Best line of the day, so far

“One historian indicated that his reason for rating Bush as worst is that the current president combines traits of some of his failed predecessors: ‘the paranoia of Nixon, the ethics of Harding and the good sense of Herbert Hoover. . .’ ”

History News Network report on historians’ poll.

I like this one too:

“‘Bush does only two things well,’ said one of the most distinguished historians. ‘He knows how to make the very rich very much richer, and he has an amazing talent for f**king up everything else he even approaches. His administration has been the most reckless, dangerous, irresponsible, mendacious, arrogant, self-righteous, incompetent, and deeply corrupt one in all of American history.'”

And that’s the bright side.

Best line last night

“The other night, Barbara Walters had a special called ‘Live to be 150.’ And she showed people who are over 100 years old, leading active lives: jogging, hiking; one guy even running for president in the Republican Party.”

Jay Leno

Meanwhile, Letterman’s McCain is old joke of the night:

“And John McCain has one of those 3:00 a.m. campaign commercials. In this one, it is 3 a.m. and he just gets up to go to the bathroom.”

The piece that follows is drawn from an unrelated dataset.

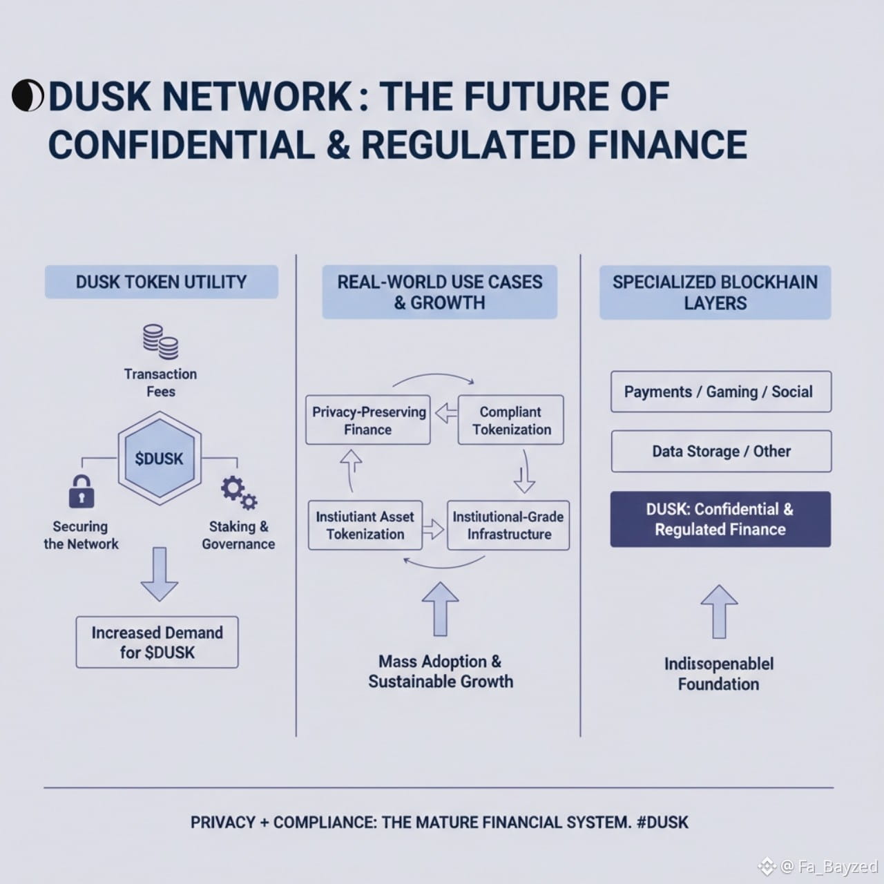 The future of blockchain will likely be multi-layered. Some networks will specialize in payments. Others will focus on gaming, social platforms, or data storage. Dusk is carving out a specialized role as the foundation for confidential and regulated financial applications. This specialization is not a weakness; it is a strength. By focusing deeply on one of the most complex areas of blockchain, Dusk increases its chances of becoming indispensable.
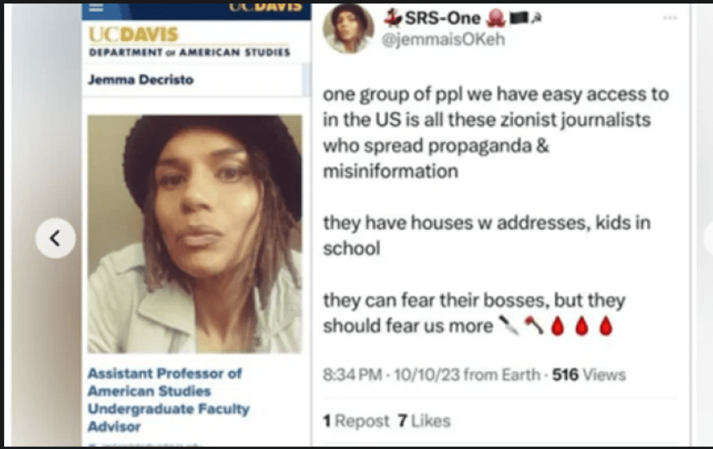 This context makes UC Davis’s handling of American Studies professor Jemma DeCristo’s now-deleted Oct. 10, 2023, social media post on X all the more alarming.

Best bracket lines of the day, so far

Courtesy of Sideline Chatter (where my “sports movies” got mentioned, too):

• Memphis coach John Calipari, to FSN, on star freshman Derrick Rose and the lure of the NBA: “If he wants to do what’s right for him and his family, he’ll go pro … If he wants to do what’s right for me and my family, he’ll stay.”

• Larry Stewart of the Los Angeles Times, on why TV Land executives are pulling for a North Carolina-West Virginia title game: “Andy Griffith’s alma mater versus Don Knotts’ alma mater.”

• Jeff Schultz of the Atlanta Journal-Constitution, on predicting Georgetown would be in the Final Four: “Like I said: North Carolina-Memphis-UCLA-Davidson.”